Using food records to assess nutrient intake is considered more accurate and defined as the “golden standard” compared with other methods that rely on the memory [19]. On the other hand, the 3D record can underestimate more infrequently consumed but important vitamin D-rich foods, such as fatty fish [20,27]. Such underestimation of vitamin D, but not calcium, intake was also found in comparison with the SFFQs in the present study group. This most probably resulted from those important sources of vitamin D that were not captured during the three-day record, while calcium-containing foods such as dairy were consumed daily with little variation. The vitamin D intake assessed with the 3D record is in accordance with other surveys in Swedish children in the same age group. A national survey based on food records reported the intake of vitamin D to be 6.6 μg/day and 5.0 μg/day for 4-year-olds and 8-year-olds, respectively [7]. However, to capture vitamin D intake, the dietary assessment needs to cover a period of at least three months [20], and is thus only captured by using an SFFQ.
In accordance with others [7,12,13] and regardless of method, mean vitamin D intake was below the current Nordic recommendation of 10 μg/day [9], whereas the mean intake of calcium was higher [7,10,34].

4.3. Compliance Rate

Compliance was high to the SFFQ since they were filled out at the study visits, and assisted by a dietician. On the contrary, the completion rate of filling in the 3D record was low. In studies with both an FFQ and food record, it is common with lower compliance for the food record (71–94%) [28,31,32] which is higher compared to 39% in the present study group. A possible explanation is the fact that the participants did not meet the dietician at the third visit and that many parents forgot to send the food record by letter. Moreover, when day-care staff and school teachers needed to be involved, additional drops outs may have occurred. These data indicate that for most participants in the study group consisting of children in families with different origins, an SFFQ was easier to use.
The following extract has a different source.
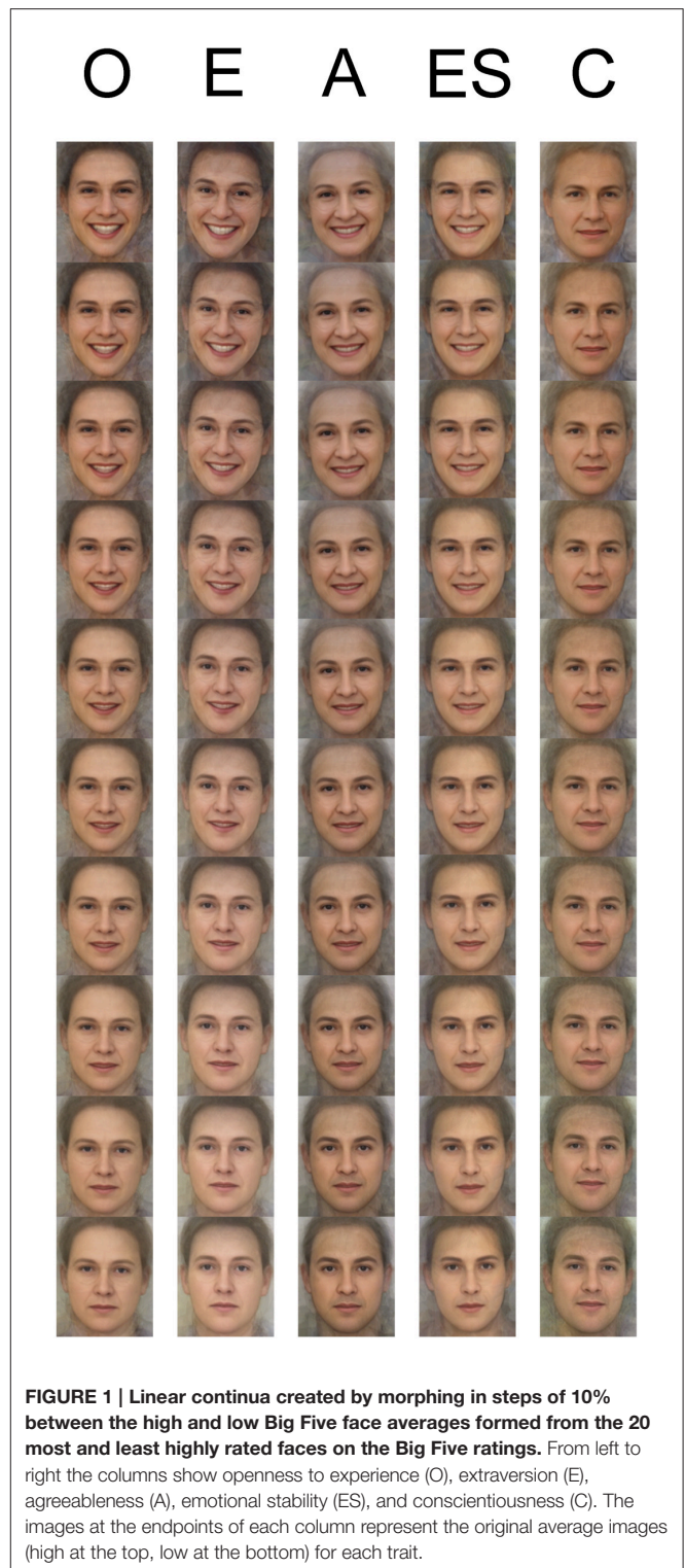
FIGURE 1 | Linear continua created by morphing in steps of 10% between the high and low Big Five face averages formed from the 20 most and least highly rated faces on the Big Five ratings. From left to right the columns show openness to experience (O), extraversion (E), agreeableness (A), emotional stability (ES), and conscientiousness (C). The images at the endpoints of each column represent the original average images (high at the top, low at the bottom) for each trait.

We then created five continua of 11 face images (see Figure 1 ) that varied between the high and low averaged images for each of the Big Five judgments separately by linearly morphing between the high and low averages using Psychomorph version 6 (Tiddeman et al., 2001; for a practical guide to Psychomorph morphing procedures, see Sutherland, 2015). These images were used to cross-validate the prototypes by testing whether the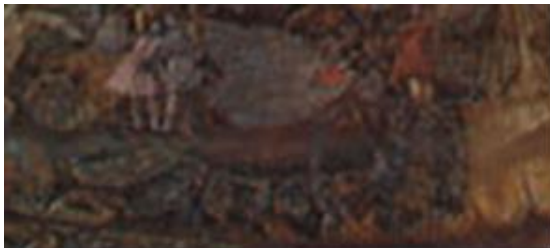
Figure 3: Queen Mab's chariot.

the fairy feller is going to crack the nut to make the Queen a new chariot (which Dadd explicitly mentions in his Elimination ); however, while Dadd mentions "King Oberon & his Queen" among the observers (20), 2 Mercury identifies Titania by her name, as known from Shakespeare's play. It is also noteworthy that the following line of the lyrics, "Mab is the queen and there's a good apothecary-man," links the apothecary with other well-known Shakespearean characters, while in Dadd's poem, apothecary is just one of a group of gathered characters from another part of the painting named by their professions: "soldier and sailor, tinker or tailor / Ploughboy, apothecary, thief" (21). The epithet "good," furthermore, might associate

4.4. Strengths and Limitations

The main strength of the study is that the biomarkers serum 25(OH)D and serum calcium confirm the dietary data, allowing us to calculate the validity coefficient using the method of triads. Another strength is the carefully collected food data that was obtained during a short time period and assisted by a dietician, and the calculations from a national database with reliable data on nutrients. A limitation is that less than half of the participants filled out the three-day food record, partly due problems with the Swedish language. However, by using the Bland and Altman method (25), the vast majority of measurements of vitamin D and calcium intake by the SFFQ and three-day record in the present study had sufficient agreement without signs of systematic bias, despite a limited sample size. This was further supported by a moderate to excellent ICC and a high validity coefficient. The strong correlations between SFFQ1 and SFFQ2 also support their repeatability.
Moreover, since there were no significant differences between families who completed the 3D record and those who did not regarding S-25(OH)D; dietary intake by SFFQ; anthropometrics; or socioeconomics, we suggest that our results can be representative for the group as a whole. Finally, the children were their own controls which further strengthens the results.

5. Conclusions

Dietary intake of vitamin D and calcium in young children as assessed with the new SFFQ correlated well with the conventional 3D record and with the biomarker serum 25(OH)D, and had good reproducibility. Since a larger number of children completed the two SFFQs compared to the 3D record (and the former method also captures less frequently consumed vitamin D-containing foods), this new SFFQ, validated for Swedish children aged 5–7 years, is a useful, repeatable, and reliable tool in surveys and dietary studies of children.


The authors are most grateful to all the participating children and their parents and to research nurses Carina Forslund, Birgitta Isaksson and Åsa Sundström and the dietician students Amanda Björk and Linnéa Lindblom. Financial Support: Regional agreement between Umeå University and Västerbotten County Council on cooperation in the field of Medicine, the Jerring Foundation and the Oskar Foundation.

Author Contributions

I.Ö., T.L., P.K.Å., A.-K.S. and O.H. planned and initiated the double-blinded intervention study and this validation study. I.Ö. and A.-K.S. carried out the design of dietary assessments. I.Ö. was responsible for recruiting patients and collecting data. A.-K.S. was responsible for the design of the SFFQ together with L.S. and I.Ö. and also for collecting dietary data. L.S. and T.L. was responsible for statistical and data analyses. L.S. for preparing the draft of the manuscript and preparation of figures. All authors critically reviewed the manuscript and approved to the final version submitted for publication.

Conflicts of Interest

The authors declare no conflicts of interest.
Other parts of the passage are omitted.